The blankets are meant to honor those who are unstably housed and to show what it would look like if the homeless were sleeping on the Capitol lawn. The display takes place on the longest night of the year.
The goal this year is for each state to make at least 100 blankets – 10 will be shipped to Washington, D.C. and the rest will be distributed to outreach organizations across the state.
Blanket makers who can knit, crochet, or quilt are encouraged to create a special gift for a total stranger experiencing homelessness. Both twin and full-sized blankets are welcome to be made 45 x 80 inches or 60 x 80 inches.
Amy Neurohr, a nonprofit consultant and founding member of the Blanket Project, also welcomes the contribution of 6×6 or 12×12 knitted, crocheted, or quilted squares. Those who do not have the time or resources to make an entire blanket or quilt can still be involved by contributing a piece to the larger collaborative effort.

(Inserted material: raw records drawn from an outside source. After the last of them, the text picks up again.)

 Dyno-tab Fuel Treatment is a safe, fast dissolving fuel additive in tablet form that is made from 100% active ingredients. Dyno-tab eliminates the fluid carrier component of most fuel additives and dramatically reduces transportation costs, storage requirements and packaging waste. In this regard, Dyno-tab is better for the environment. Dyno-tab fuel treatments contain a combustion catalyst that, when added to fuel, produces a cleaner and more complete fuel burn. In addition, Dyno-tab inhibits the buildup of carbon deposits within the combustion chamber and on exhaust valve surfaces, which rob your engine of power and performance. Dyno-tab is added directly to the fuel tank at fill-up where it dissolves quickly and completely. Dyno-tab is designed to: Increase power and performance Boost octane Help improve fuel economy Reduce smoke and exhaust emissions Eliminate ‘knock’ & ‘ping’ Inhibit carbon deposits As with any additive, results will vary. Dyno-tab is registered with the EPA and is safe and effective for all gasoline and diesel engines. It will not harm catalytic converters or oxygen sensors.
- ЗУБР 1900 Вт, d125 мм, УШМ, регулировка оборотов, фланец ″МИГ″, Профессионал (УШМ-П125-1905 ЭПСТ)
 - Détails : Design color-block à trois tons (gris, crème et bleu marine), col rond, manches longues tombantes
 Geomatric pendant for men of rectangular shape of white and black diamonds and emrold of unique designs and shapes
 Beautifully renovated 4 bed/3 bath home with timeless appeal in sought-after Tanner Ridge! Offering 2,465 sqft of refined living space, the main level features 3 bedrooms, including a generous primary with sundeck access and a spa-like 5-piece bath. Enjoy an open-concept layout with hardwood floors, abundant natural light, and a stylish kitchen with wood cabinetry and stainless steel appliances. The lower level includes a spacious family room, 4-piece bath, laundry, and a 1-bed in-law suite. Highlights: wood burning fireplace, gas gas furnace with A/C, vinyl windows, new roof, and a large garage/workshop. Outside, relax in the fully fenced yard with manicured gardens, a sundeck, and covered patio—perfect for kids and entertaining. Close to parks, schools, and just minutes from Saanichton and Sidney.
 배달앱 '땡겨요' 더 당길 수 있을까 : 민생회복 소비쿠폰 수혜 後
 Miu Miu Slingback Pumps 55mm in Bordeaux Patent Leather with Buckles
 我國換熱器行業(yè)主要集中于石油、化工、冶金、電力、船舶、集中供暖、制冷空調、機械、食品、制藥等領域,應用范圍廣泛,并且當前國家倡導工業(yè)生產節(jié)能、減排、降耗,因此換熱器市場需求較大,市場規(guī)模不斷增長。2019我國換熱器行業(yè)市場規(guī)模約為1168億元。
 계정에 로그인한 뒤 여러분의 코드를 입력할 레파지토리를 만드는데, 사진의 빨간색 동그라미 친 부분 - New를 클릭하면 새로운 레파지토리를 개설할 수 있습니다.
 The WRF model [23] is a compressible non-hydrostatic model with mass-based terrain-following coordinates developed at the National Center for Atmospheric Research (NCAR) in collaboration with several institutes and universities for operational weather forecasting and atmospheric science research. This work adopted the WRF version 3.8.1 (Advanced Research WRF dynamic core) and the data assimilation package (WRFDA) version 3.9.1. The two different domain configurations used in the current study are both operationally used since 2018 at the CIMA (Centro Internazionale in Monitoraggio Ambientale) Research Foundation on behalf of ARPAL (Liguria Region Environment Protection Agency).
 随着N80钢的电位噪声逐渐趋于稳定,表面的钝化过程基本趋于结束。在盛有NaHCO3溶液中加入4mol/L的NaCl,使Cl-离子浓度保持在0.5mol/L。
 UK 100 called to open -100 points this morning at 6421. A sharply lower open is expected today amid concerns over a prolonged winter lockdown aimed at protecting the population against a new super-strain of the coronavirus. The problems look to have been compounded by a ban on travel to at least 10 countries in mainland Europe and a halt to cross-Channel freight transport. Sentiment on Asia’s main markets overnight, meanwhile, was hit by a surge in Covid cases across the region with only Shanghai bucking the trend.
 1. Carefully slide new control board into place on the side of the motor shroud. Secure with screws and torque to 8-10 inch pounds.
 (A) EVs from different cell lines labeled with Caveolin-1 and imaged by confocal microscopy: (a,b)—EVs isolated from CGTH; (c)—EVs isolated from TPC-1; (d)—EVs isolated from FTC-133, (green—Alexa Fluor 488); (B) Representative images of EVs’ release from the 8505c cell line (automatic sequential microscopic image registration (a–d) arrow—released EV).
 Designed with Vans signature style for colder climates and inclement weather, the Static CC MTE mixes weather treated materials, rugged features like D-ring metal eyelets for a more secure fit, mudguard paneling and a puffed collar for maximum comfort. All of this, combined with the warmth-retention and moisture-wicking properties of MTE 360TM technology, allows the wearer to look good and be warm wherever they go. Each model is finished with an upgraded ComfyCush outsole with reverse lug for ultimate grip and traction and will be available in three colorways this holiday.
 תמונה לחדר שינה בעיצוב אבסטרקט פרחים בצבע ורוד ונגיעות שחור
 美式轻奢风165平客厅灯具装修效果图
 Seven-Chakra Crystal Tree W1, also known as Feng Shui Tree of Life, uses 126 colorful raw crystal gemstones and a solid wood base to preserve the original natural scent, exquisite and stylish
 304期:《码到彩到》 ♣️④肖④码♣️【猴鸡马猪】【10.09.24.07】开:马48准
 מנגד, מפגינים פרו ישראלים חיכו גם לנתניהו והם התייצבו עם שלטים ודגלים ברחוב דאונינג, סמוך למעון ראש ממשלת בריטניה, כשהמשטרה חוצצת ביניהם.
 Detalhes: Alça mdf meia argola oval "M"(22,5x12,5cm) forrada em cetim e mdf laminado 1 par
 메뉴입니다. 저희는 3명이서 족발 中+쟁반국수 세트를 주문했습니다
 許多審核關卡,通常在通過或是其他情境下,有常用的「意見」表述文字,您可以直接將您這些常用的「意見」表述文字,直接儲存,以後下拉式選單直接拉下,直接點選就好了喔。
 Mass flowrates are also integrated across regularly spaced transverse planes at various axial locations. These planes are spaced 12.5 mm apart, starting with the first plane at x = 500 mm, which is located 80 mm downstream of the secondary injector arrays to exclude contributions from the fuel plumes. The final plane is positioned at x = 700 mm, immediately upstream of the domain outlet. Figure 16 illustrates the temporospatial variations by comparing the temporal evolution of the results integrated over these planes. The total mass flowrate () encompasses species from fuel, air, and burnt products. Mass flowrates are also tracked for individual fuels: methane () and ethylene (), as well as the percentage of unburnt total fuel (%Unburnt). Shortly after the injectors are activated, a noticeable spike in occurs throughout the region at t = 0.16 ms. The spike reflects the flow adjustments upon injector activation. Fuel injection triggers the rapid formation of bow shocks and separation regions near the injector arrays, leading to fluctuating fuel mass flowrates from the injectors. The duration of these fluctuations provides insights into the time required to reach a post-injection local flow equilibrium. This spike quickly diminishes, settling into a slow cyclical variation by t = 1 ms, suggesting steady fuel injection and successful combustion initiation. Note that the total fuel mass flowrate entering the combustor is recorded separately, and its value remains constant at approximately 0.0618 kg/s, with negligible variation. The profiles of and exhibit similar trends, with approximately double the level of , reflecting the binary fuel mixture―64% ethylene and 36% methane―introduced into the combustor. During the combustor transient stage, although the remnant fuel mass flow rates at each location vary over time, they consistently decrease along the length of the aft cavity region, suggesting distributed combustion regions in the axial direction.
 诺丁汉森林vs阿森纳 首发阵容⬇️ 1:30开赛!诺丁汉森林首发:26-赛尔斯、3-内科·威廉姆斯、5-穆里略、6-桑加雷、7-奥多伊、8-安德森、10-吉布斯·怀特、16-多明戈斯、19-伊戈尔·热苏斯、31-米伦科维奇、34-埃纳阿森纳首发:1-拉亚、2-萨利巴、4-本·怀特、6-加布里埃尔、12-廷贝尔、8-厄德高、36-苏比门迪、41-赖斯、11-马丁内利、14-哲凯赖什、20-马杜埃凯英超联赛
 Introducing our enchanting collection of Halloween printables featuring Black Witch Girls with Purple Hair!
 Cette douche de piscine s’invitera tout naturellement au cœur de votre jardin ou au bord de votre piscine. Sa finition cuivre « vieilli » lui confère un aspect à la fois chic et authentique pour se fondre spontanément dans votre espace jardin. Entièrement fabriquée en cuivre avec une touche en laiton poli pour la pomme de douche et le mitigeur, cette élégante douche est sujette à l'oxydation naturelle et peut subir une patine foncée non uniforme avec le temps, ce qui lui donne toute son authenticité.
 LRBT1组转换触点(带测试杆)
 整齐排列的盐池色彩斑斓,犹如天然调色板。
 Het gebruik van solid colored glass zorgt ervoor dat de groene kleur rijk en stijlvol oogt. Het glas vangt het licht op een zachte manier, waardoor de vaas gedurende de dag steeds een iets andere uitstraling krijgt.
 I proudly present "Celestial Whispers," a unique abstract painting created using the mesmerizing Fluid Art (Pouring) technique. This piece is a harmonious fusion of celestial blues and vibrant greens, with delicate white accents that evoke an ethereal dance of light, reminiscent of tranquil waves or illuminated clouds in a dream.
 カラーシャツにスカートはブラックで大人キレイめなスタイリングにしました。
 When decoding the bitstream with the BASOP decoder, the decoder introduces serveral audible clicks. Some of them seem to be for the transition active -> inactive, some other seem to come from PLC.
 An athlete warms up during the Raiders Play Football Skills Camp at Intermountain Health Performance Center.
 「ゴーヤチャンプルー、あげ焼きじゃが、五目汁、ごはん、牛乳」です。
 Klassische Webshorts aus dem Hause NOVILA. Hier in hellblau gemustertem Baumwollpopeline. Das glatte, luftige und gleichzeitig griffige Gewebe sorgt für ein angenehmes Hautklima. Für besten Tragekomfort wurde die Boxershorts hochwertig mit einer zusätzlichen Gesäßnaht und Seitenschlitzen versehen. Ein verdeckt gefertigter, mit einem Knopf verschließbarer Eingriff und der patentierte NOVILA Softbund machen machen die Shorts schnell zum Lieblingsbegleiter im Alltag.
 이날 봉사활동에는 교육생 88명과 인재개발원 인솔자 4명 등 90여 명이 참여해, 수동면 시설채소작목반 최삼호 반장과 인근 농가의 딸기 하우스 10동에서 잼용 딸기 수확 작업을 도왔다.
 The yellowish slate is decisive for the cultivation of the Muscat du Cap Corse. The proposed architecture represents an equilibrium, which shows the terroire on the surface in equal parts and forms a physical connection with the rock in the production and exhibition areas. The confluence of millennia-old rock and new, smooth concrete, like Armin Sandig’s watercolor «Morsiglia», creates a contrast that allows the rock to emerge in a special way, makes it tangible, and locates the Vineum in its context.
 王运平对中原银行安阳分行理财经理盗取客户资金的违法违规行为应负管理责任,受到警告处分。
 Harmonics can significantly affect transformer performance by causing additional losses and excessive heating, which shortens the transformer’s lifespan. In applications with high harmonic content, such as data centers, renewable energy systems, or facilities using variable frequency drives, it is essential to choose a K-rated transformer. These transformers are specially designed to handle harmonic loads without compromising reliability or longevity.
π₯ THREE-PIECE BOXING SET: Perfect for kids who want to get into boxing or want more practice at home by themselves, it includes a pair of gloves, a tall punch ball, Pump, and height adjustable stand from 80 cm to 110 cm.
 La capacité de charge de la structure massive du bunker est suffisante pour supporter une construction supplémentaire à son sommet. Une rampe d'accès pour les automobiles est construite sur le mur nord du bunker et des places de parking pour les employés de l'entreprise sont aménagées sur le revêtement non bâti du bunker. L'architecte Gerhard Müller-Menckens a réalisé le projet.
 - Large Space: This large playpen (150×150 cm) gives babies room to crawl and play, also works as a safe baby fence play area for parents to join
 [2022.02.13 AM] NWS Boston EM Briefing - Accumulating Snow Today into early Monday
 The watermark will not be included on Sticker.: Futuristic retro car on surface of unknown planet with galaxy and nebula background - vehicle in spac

“My grandmother taught me how to knit and crochet when I was six,” said Neurohr. “I don’t know how many blankets I have made in my life, but they were all made with love to keep someone warm. I hope the recipients of our blankets will somehow feel that they are loved.”
“If you can’t make a blanket, you can help by purchasing supplies. If you can’t make an entire blanket, you can make one square or a few. We are happy to assemble all of the squares we receive. If you can make a complete blanket, know that it will be a treasure to someone who is experiencing homelessness,” said Neurohr.